<<<<

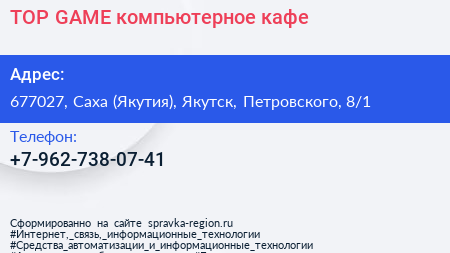 TOP GAME, компьютерное кафе по адресу 677027, Саха (Якутия), Якутск, Петровского, 8/1 в дальнейшем Организация, размещена в следующих категориях:
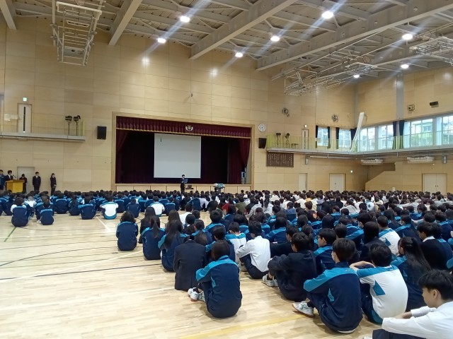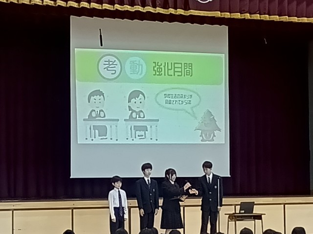 児童生徒会朝会では、「考動強化月間」のお知らせがあり、より主体的な学校生活を呼びかけていました。
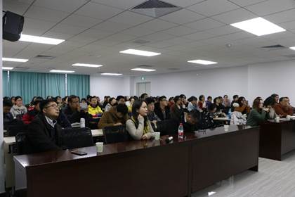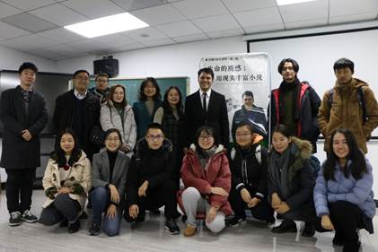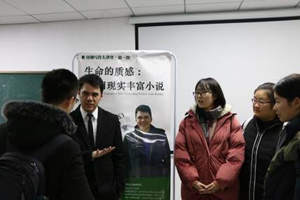 12月14日下午,振华楼Netflav 5楼的学术报告厅里不同往日,坐满了来自各个年级、不同专业的同学,他们都翘首以待,等待今天的主讲人——美国的小说家KYLE MUNTZ。
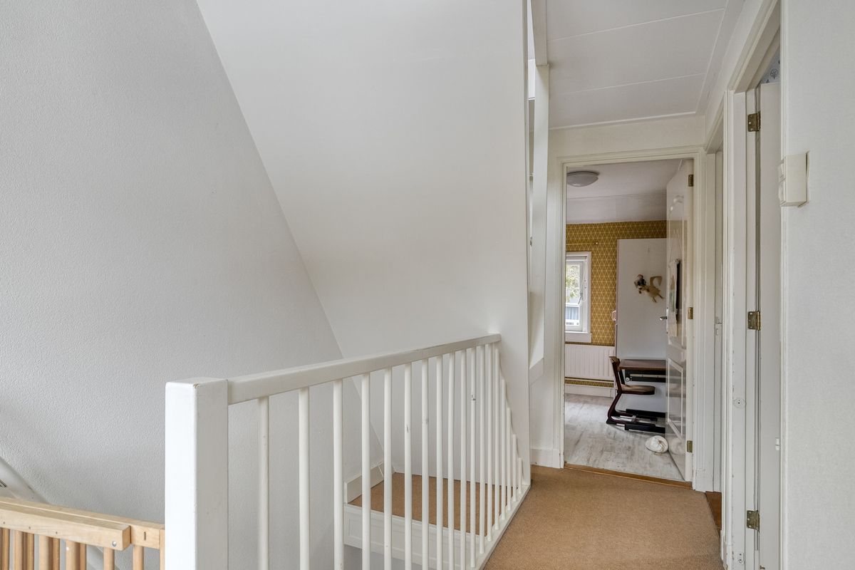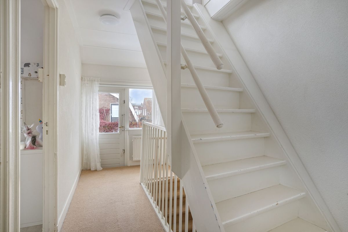 - Trapopgang, overloop en toegang tot de diverse vertrekken en trapopgang naar de tweede verdieping.
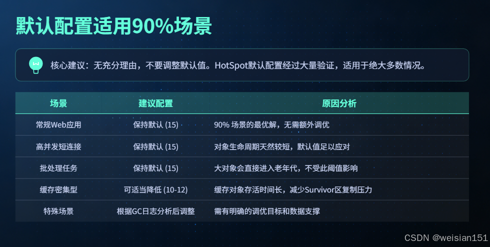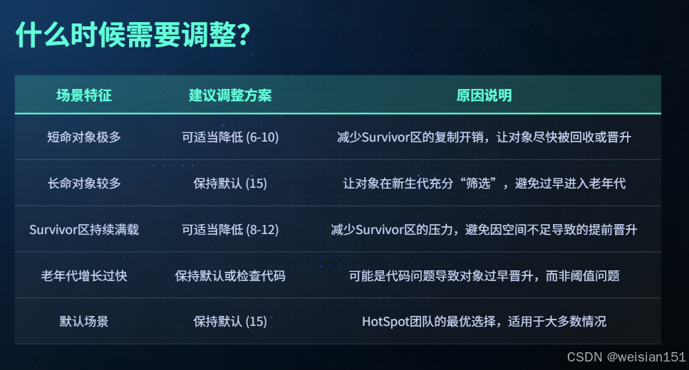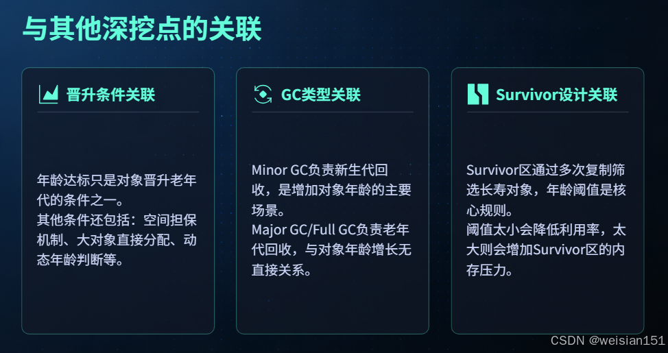 | "调整年龄能解决所有 GC 问题" | 先找根因,年龄阈值不是万能药 |
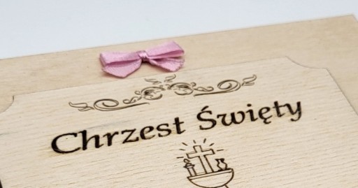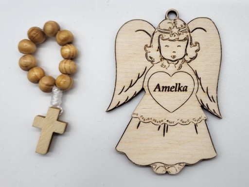 - aniołek wykonany ze sklejki wraz z wygrawerowanym imieniem dziecka. aniołek posiada oczko do przewiązania tasiemką, przez co można go powiesić
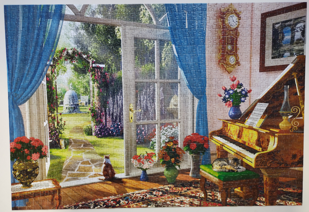От тези три парчета,средното със сигурност не е от пъзела.Третото обаче ми се струва,че може да бъде от саксията,която е на стълбите.Първото може ли да е от рамката горе?Или изобщо не е от пъзела.
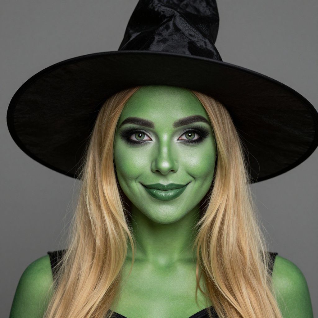 Witch costume green face, solo, green skin, hat, 1girl, colored skin, witch hat, looking at viewer, long hair, blonde hair, smile
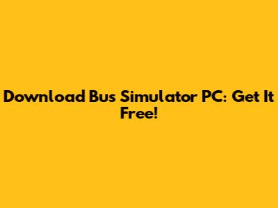 Download Bus Simulator PC: Get It Free!
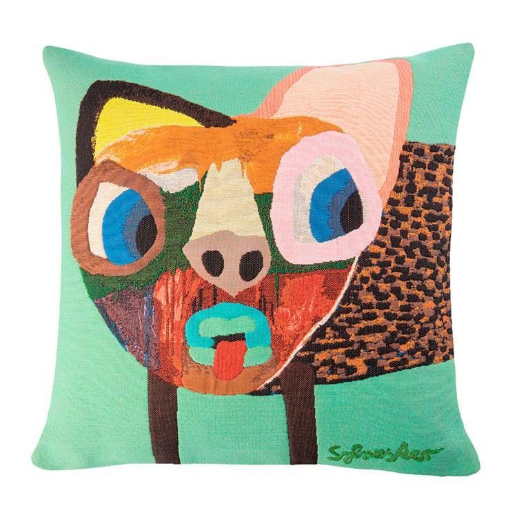 I anledning Leif Sylvesters 80-årsdag har Poulin Design produsert denne vakre puten med et fargerikt motiv av Leif Sylvesters kunstverk «Småplettet Hund». Siden 2015 har Poulin Design vært eneforhandler av de eksklusive putene fra franske Jules Pansu i både Skandinavia og Tyskland.
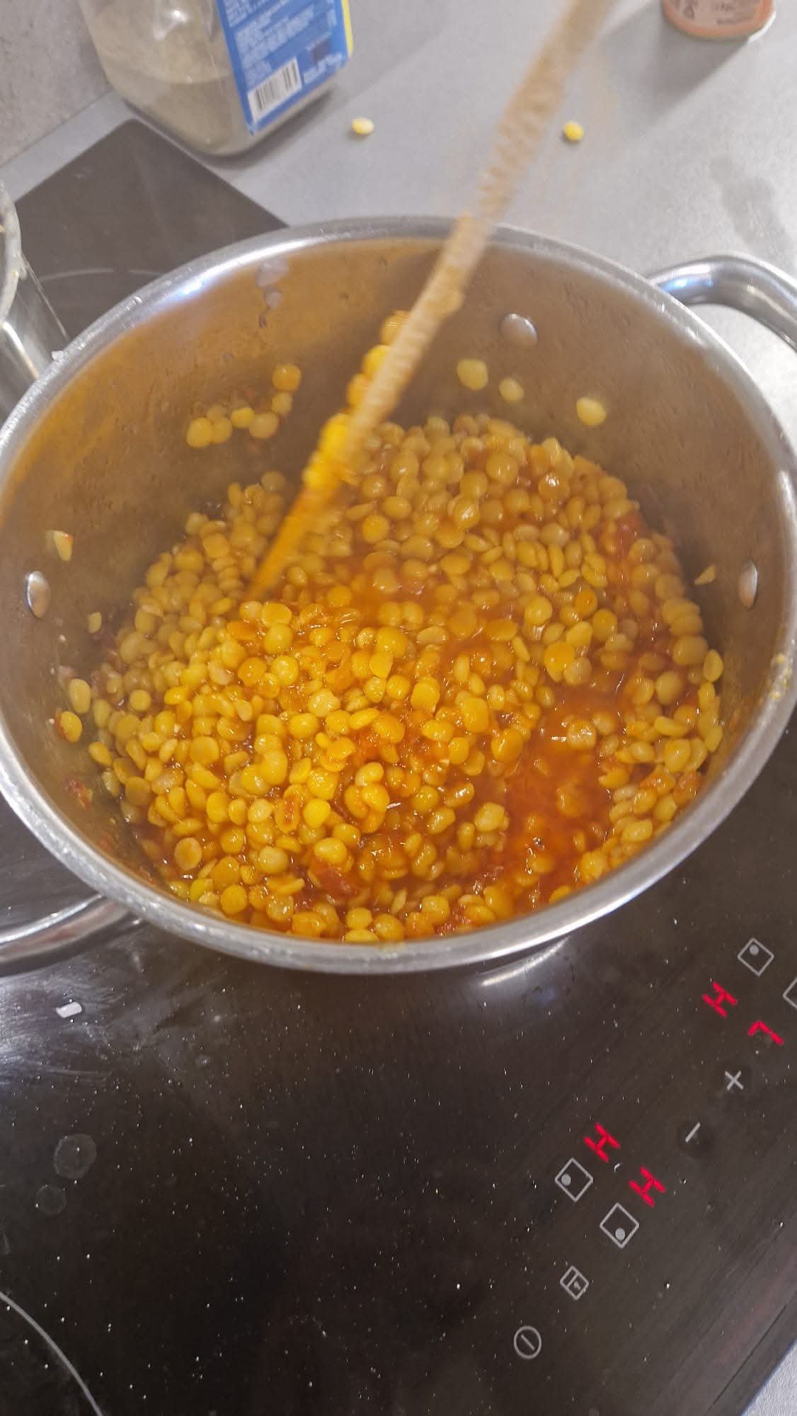 Tilsett kikerter tilbake i blandingen, tilsett varmt vann til det dekker kikertene, tilpass saltet etter smak.

>>>>

Each line from the one with "- Trapopgang, overloop" to the final line of the data above is to be printed exactly; no picture should appear in the copy.

_Result below_
 - Trapopgang, overloop en toegang tot de diverse vertrekken en trapopgang naar de tweede verdieping.
 | "调整年龄能解决所有 GC 问题" | 先找根因,年龄阈值不是万能药 |
 - aniołek wykonany ze sklejki wraz z wygrawerowanym imieniem dziecka. aniołek posiada oczko do przewiązania tasiemką, przez co można go powiesić
От тези три парчета,средното със сигурност не е от пъзела.Третото обаче ми се струва,че може да бъде от саксията,която е на стълбите.Първото може ли да е от рамката горе?Или изобщо не е от пъзела.
 Witch costume green face, solo, green skin, hat, 1girl, colored skin, witch hat, looking at viewer, long hair, blonde hair, smile
 Download Bus Simulator PC: Get It Free!
 I anledning Leif Sylvesters 80-årsdag har Poulin Design produsert denne vakre puten med et fargerikt motiv av Leif Sylvesters kunstverk «Småplettet Hund». Siden 2015 har Poulin Design vært eneforhandler av de eksklusive putene fra franske Jules Pansu i både Skandinavia og Tyskland.
 Tilsett kikerter tilbake i blandingen, tilsett varmt vann til det dekker kikertene, tilpass saltet etter smak.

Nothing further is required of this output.